- TRY IT
Please output the listing that follows exactly, but keep all images out.

- SOURCE DATA
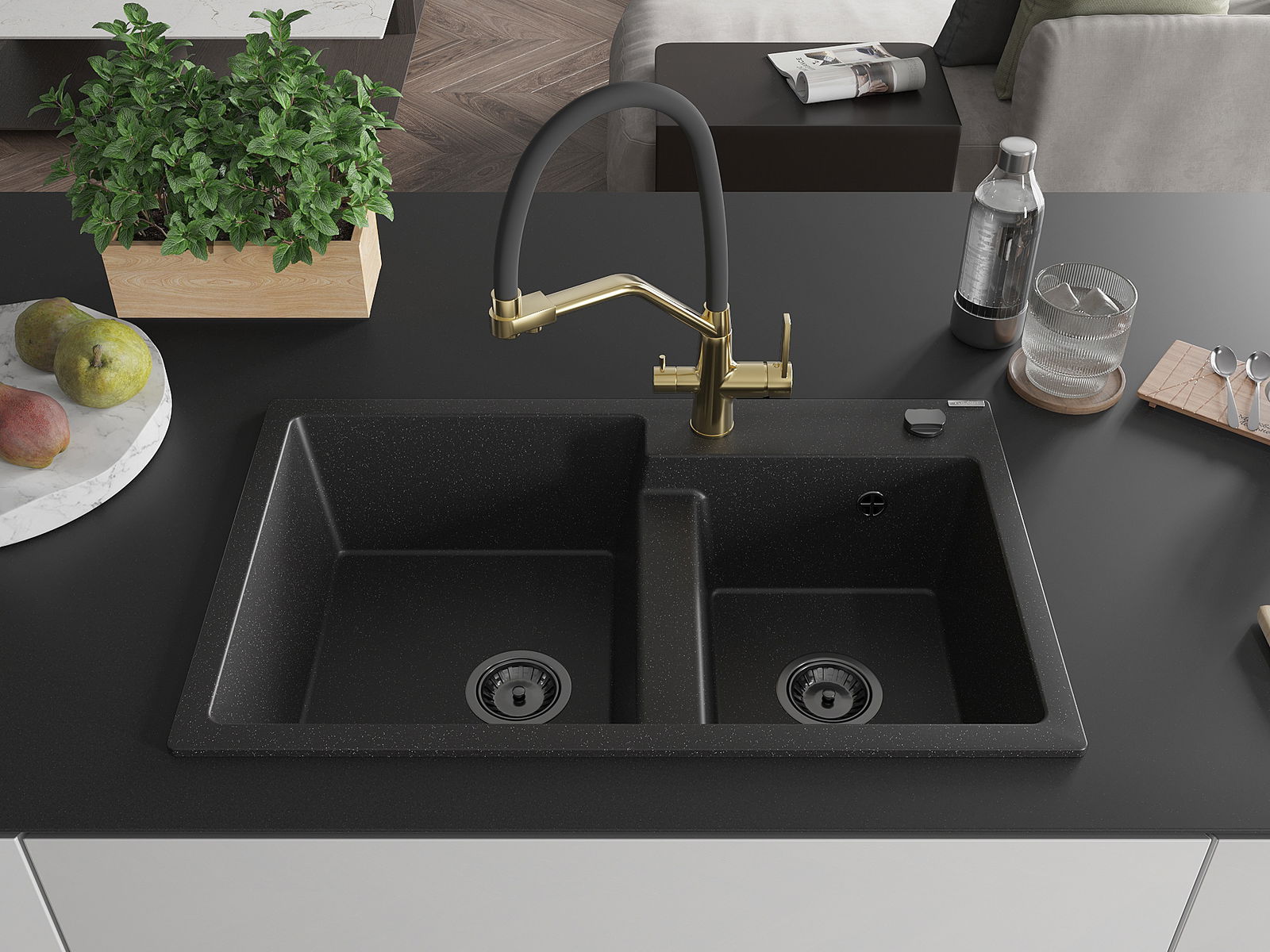 Das Spülbecken verfügt über eine vorgefräste Öffnung mit einem Durchmesser von 35 mm, die selbstständig durchbrochen werden kann. Sie kann unter anderem zur Montage eines Flüssigkeitsdosierers verwendet werden, der das Vorhandensein von Plastikflaschen in der Küche eliminiert und ihr ein elegantes Finish verleiht.
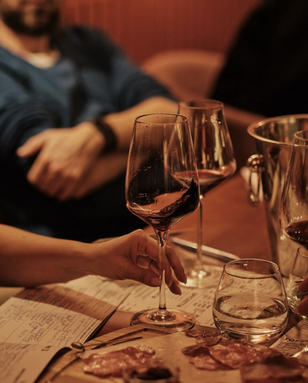 В баре запустили сет французских вин. Здесь можно попробовать красное вино из сорта винограда Пино Нуар с насыщенным ароматом красных ягод, фиалки и пряностей, вино с северо-запада Франции.
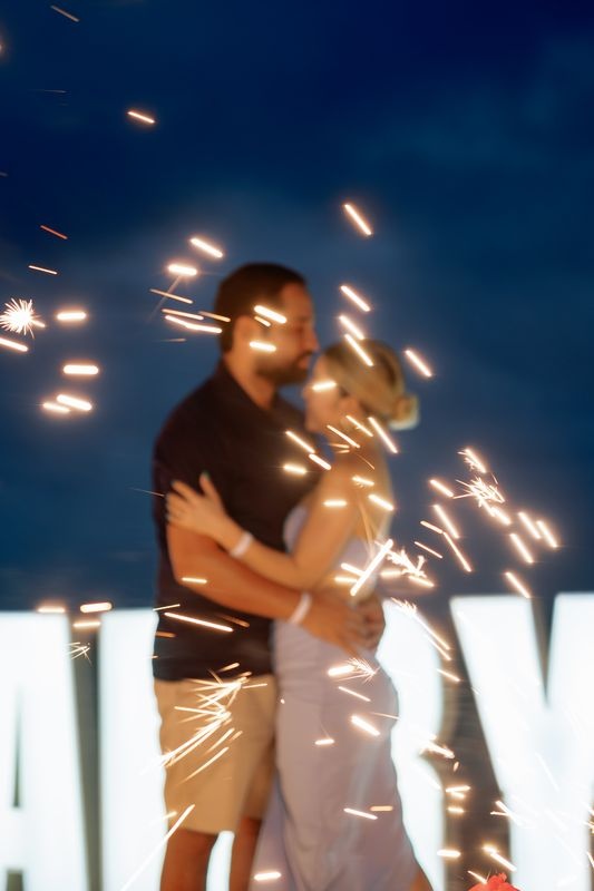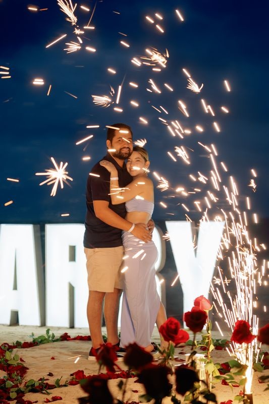 Als Karen näher kam, erhellten funkelnde Feuerwerksfontänen den Himmel. Daher wirkte der Antrag noch bezaubernder und umhüllte das Paar mit goldenem Licht und unvergesslicher Energie. Danach kniete Daniel nieder und stellte die wichtigste Frage ihres Lebens. Es war ein einmaliges Erlebnis, geschaffen mit Leidenschaft und Liebe zum Detail.
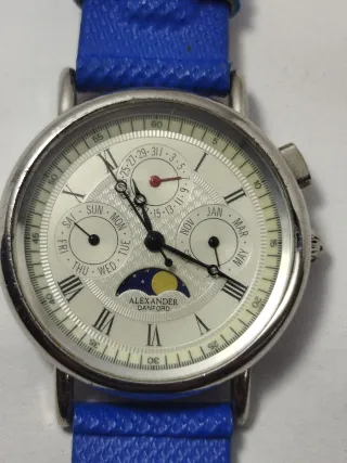 Elegante reloj de pulsera Alexander Danford con múltiples complicaciones y una esfera detallada. - Correa de piel azul. - Caja de acero plateada. - Indicadores de día, mes y fase lunar.

- YOUR SOLUTION
 Das Spülbecken verfügt über eine vorgefräste Öffnung mit einem Durchmesser von 35 mm, die selbstständig durchbrochen werden kann. Sie kann unter anderem zur Montage eines Flüssigkeitsdosierers verwendet werden, der das Vorhandensein von Plastikflaschen in der Küche eliminiert und ihr ein elegantes Finish verleiht.
 В баре запустили сет французских вин. Здесь можно попробовать красное вино из сорта винограда Пино Нуар с насыщенным ароматом красных ягод, фиалки и пряностей, вино с северо-запада Франции.
 Als Karen näher kam, erhellten funkelnde Feuerwerksfontänen den Himmel. Daher wirkte der Antrag noch bezaubernder und umhüllte das Paar mit goldenem Licht und unvergesslicher Energie. Danach kniete Daniel nieder und stellte die wichtigste Frage ihres Lebens. Es war ein einmaliges Erlebnis, geschaffen mit Leidenschaft und Liebe zum Detail.
 Elegante reloj de pulsera Alexander Danford con múltiples complicaciones y una esfera detallada. - Correa de piel azul. - Caja de acero plateada. - Indicadores de día, mes y fase lunar.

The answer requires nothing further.